A partial Cot curve for E. coli strain TOP10 (Invitrogen) was
also constructed using the above techniques.
Insertion and Deletion Rate Estimates
Genomic DNA was extracted from somatic tissue samples of four
species of tetraodontid (smooth) puffers and four species of diodontid
(spiny) puffers using NucleoSpin columns (Clontech). The smooth puffers
studied were F. rubripes, T. nigroviridis,
Canthigaster valentini, and Canthigaster jactatus.
The spiny puffers used were D. hystrix, Diodon
holacanthus, Diodon eydouxii, and Chilomycterus
schoepfi. Tissue samples from F. rubripes and D.
eydouxii were collected in Japan, samples from T. nigroviridisand D. holacanthus were obtained from fish in the aquarium
trade, and the remaining samples were obtained from the University of
Kansas Museum of Natural History Tissue Collection. The reverse
transcriptase region of non-LTR retrotransposons was initially
amplified from D. holacanthus and F. rubripes using
the degenerate primers DVO144 and DVO145 of Wright et al. (1996)
according to the PCR protocol that accompanies their description. The
resultant amplifications were cleaned with Qiaquick columns (QIAGEN)
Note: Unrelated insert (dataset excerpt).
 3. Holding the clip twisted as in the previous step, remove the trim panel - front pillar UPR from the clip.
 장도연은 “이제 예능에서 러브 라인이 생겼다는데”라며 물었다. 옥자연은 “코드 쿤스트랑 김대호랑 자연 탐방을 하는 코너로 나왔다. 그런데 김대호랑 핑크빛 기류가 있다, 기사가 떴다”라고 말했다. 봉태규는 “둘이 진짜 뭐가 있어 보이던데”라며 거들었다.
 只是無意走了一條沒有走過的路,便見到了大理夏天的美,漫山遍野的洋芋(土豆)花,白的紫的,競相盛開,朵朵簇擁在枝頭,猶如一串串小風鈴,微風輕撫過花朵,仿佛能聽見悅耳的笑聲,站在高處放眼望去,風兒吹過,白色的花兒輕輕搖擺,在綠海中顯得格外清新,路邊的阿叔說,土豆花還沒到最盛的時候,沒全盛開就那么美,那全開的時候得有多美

and cloned into XL1-Blue cells using a TOPO TA cloning kit
(Invitrogen). Random clones were screened with vector primers, and
inserts of all sizes were sequenced to prevent bias in
insertion/deletion rate estimates. Multiple sequences from each
transformation were generated on an ABI 3100 sequencer. All inserts
were sequenced in the forward and reverse directions. Ambiguous base
calls were discounted from further analysis or resequenced. BLAST
analysis (Altschul et al. 1997) confirmed that the sequences from
D. holacanthus were an undescribed non-LTR retrotransposon,
and indicated that the majority of sequences from F. rubripes
were the previously described non-LTR retrotransposon Maui
(Poulter et al. 1999). Sequences were aligned with CLUSTAL X (Thompson
et al. 1997), with all parameters set to default except for the gap
opening penalty (set to 20.0) and the DNA transition rate (set to 0).
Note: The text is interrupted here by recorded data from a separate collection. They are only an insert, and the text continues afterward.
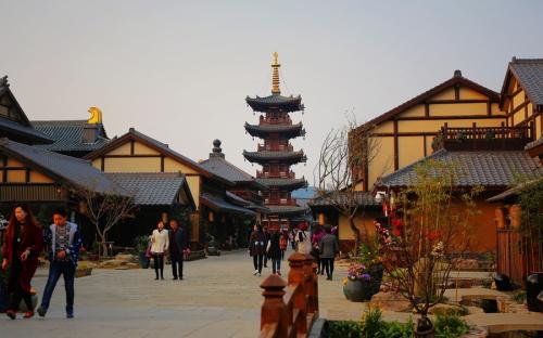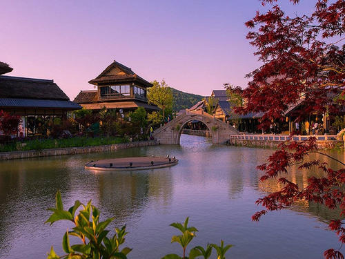 行走其中,木制的唐風(fēng)建筑與橋梁,讓清雅禪意撲面而來,街道兩旁所有的建筑、景觀都像是會呼吸般的渾然天成,使人感到如同進(jìn)入一個充滿禪意的世界中。
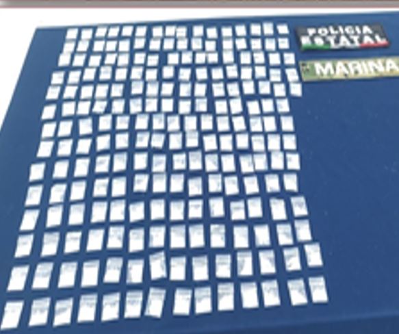 -En Manzanillo, elementos de la Secretaría de Marina (Semar), Ejército Mexicano, GN y Policía Municipal detuvieron a una persona con 119 envoltorios con metanfetamina y dos envoltorios con marihuana.
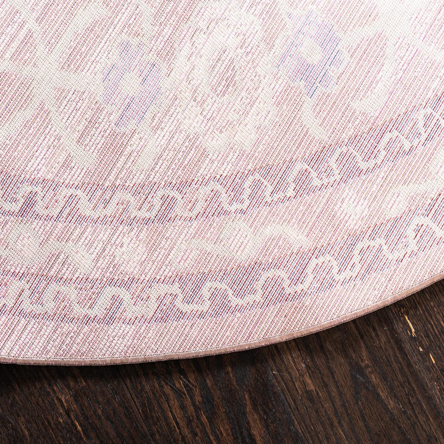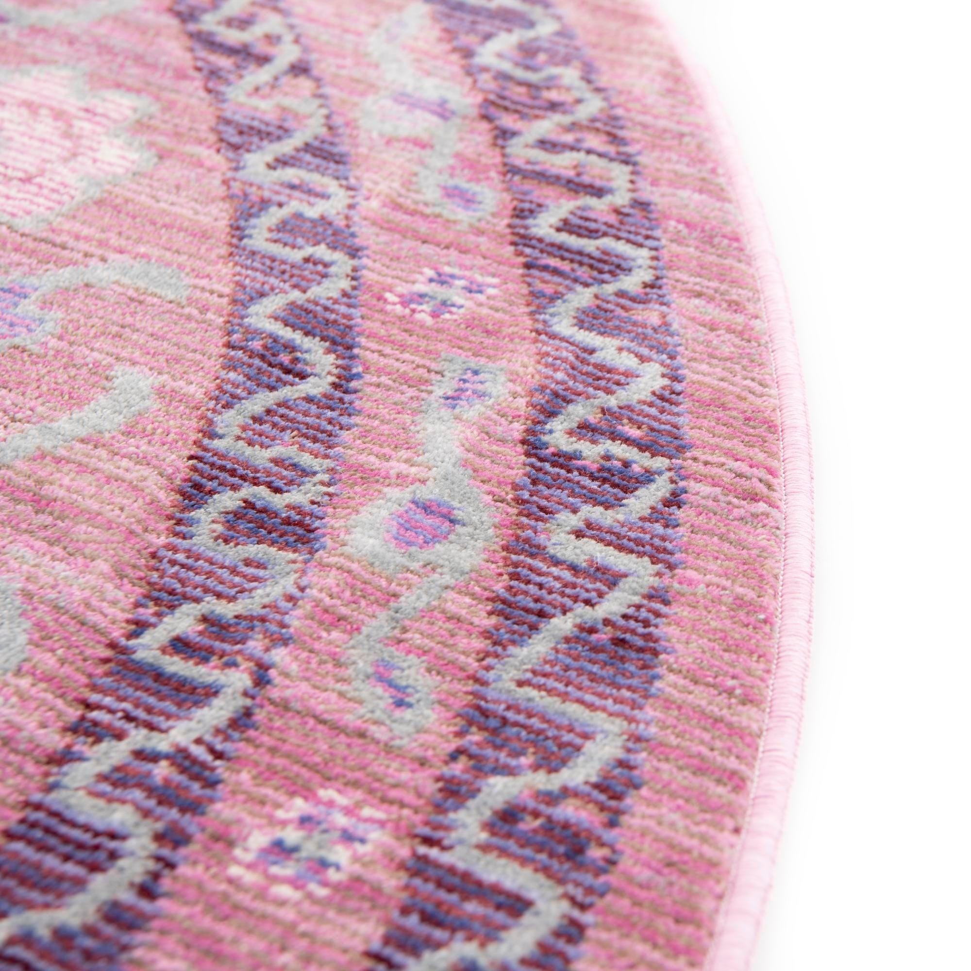 Primary color is Pink. Colors in this rug include: Pink, Beige, Gray, Maroon, Purple.
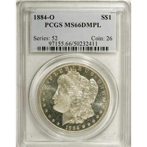 <B>1884-O S$1 MS66 Deep Mirror Prooflike PCGS.</B></I> A glittering Premium Gem with glassy, mirrored fields that are starkly offset by chalky-white design elements. Very well struck for this heavily produced New Orleans issue, lacking only a couple of curls over Liberty's ear. Population: 49 in 66, 1 finer (12/06).<BR><BR><b>Shipping:</b> Coin/Currency (<a target="_blank" href="http://www.heritageauctions.com/common/shipping.php">view shipping information</a>)
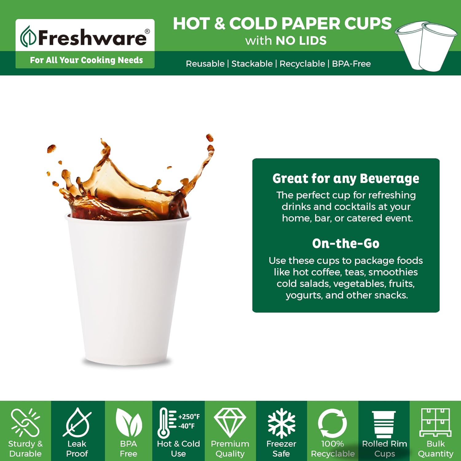 Freshware Coffee Cups 8 oz [1000 Pack] Disposable Paper Cups for Hot or Iced Coffee Cup, Slushie Cup, Milkshakes, Smoothies, and Tea

Alignments were then adjusted by hand in BioEdit (Hall 1999) to
minimize the number of insertions and deletions. Adjustments were
performed to minimize the number of terminal substitutions when such
adjustments did not add to the number of insertions or deletions.
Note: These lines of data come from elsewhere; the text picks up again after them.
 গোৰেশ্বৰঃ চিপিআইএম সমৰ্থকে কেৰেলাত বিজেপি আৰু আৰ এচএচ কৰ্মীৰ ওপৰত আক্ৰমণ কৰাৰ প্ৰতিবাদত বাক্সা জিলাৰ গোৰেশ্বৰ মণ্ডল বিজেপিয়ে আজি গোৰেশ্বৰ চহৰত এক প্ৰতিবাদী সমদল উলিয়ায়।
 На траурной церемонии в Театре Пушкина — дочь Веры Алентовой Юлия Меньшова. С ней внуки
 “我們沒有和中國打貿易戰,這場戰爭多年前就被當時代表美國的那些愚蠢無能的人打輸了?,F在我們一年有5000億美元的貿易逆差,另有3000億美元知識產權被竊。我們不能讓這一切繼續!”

Ambiguous indel alignments were discounted from further analysis.
Variations in the length of monomeric microsatellite repeats in both
alignments were ignored. Both alignments contained a minority of
sequences that appeared to be from different element families. These
sequences were discarded to prevent bias in mutation rate estimation.
Conserved regions from alignable sequences were used to design
family-specific primers, as the degenerate DVO144/145 primers only
weakly amplified reverse transcriptase sequences from these groups.
MAUIF1 (ACCAGATGTGCTGACTGTGG) and MAUIR1 (TTGAGGAACTCCATGGCTAAC) were
used to amplify Maui non-LTR reverse transcriptase sequences from
smooth puffer samples, and DIODF1 (GTGGACAACAATAGCGCCAC) and DIODR1
(CCTTACAGATGAAATTACGGAGC) were used to amplify the undescribed element
from the spiny puffer samples. All PCR reactions were performed under
standard conditions with an annealing temperature of 56°C. Products
amplified with these family-specific primers were cleaned, cloned,
sequenced, and aligned as above. Sequences are deposited in GenBank
under the following accession numbers: AY212336–AY212504.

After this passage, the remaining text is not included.